Fwiw also agreed with the original intent of the ticket of diacritic insensitive search, just not the part about introducing another option.

This is exactly what we should be worried about. Everything is a use case. everything. everything cannot have a tool of it's own. identifying implicit and explicit is part of the design process.

@Jdforrester-WMF I don't think we are saying the request is invalid. The solution on the other hand is another thing to be discussed. every time you add something to your interface you are adding weight on people who don't use it. it's an overhead. it's another thing to think about; even it is not meant for you. [1]

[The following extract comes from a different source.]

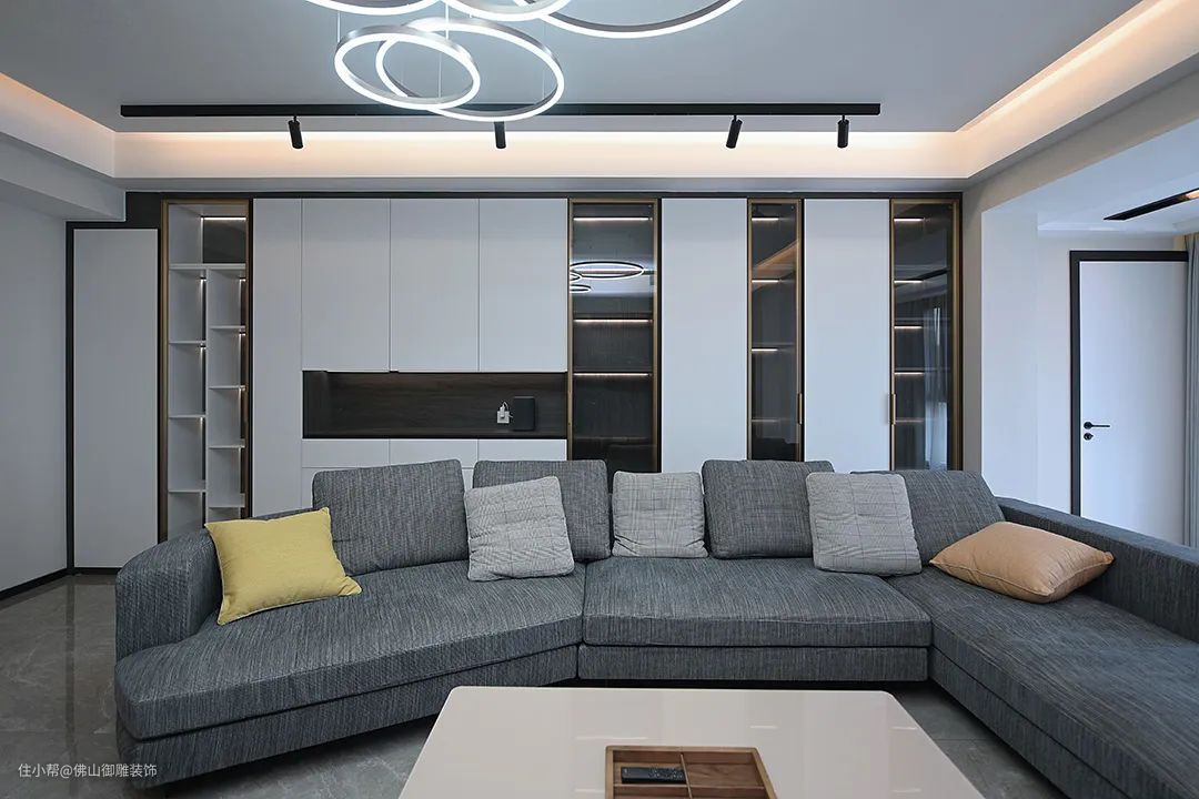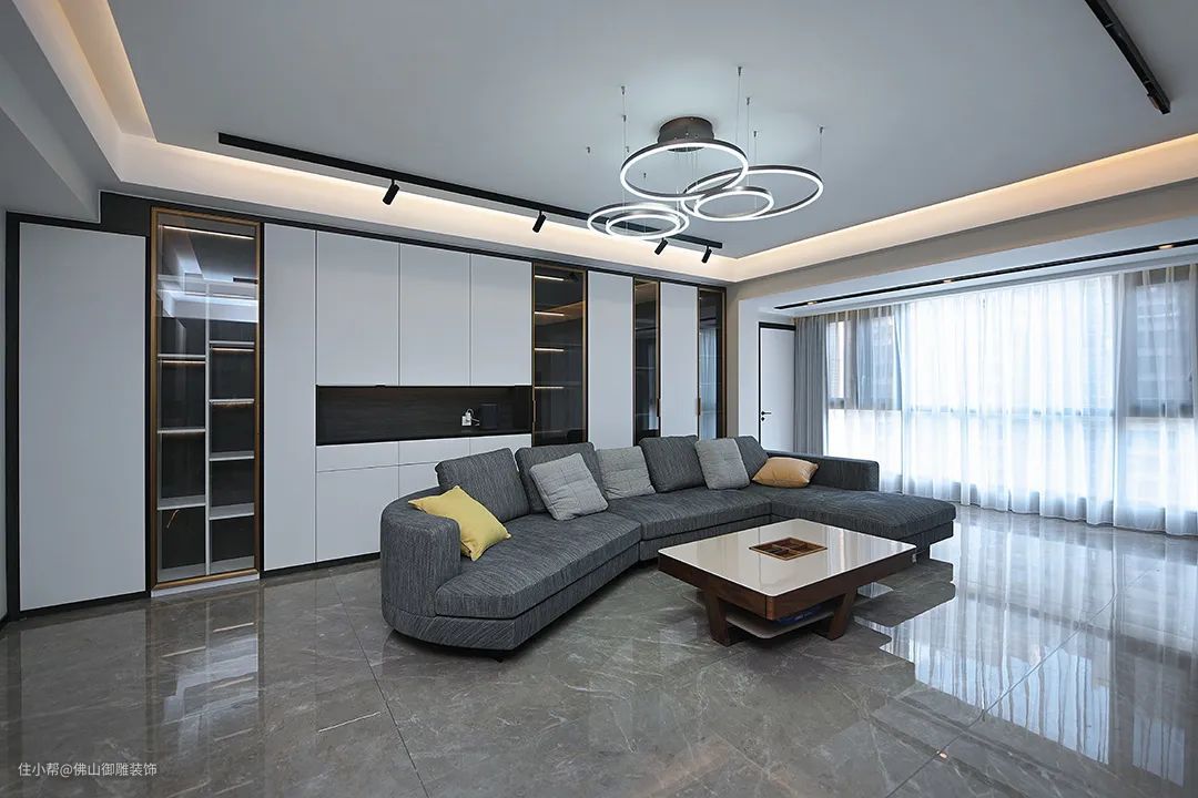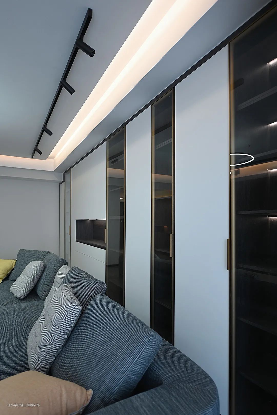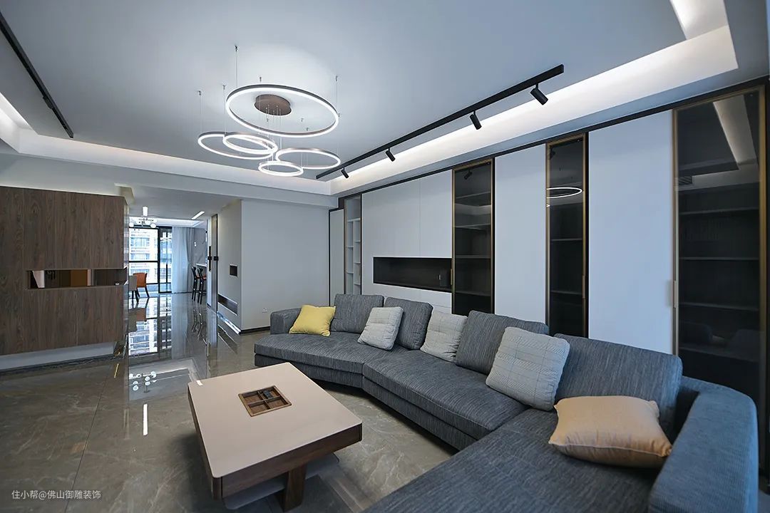 电视墙是灰色大理石墙面叠加木饰面,顺延梁位延展的造型令空间延伸感十足,再加上磁吸轨道灯的运用,扩大了整个公共区域的视觉感,大平层的即视感直逼100分!

Can we revisit the implementation details here? and get design from the designer on editing aka @Pginer-WMF

[1] http://lawsofsimplicity.com/los/law-1-reduce.html

Without commenting on interface design (which isn't really my fortệ), I want to point out that this is one of the world's Contentious Issues. See https://bugs.chromium.org/p/chromium/issues/detail?id=71741 for example. So while some may disagree with this implementation, I think we should recognise that no amount of process is likely to resolve that disagreement.

Note also that accent [in]sensitivity has vastly different effects depending on the language in which you're editing (think Vietnamese versus French and English, for example) - it's not purely a design issue. Just picking one behaviour to fit all our c.300 languages would have effects that might not be very obvious (and setting differing default behaviours for different languages would take more developer time).

Change 339931 merged by jenkins-bot:
icons: Add 'searchDiacritic' icon, in editing-advanced pack

https://gerrit.wikimedia.org/r/339931

Adding an explicit option for everyone is probably the most straightforward solution, but not necessarily the best. I think that requiring users to make an upfront decision has a cost and it is worth exploring if we can avoid or reduce this cost.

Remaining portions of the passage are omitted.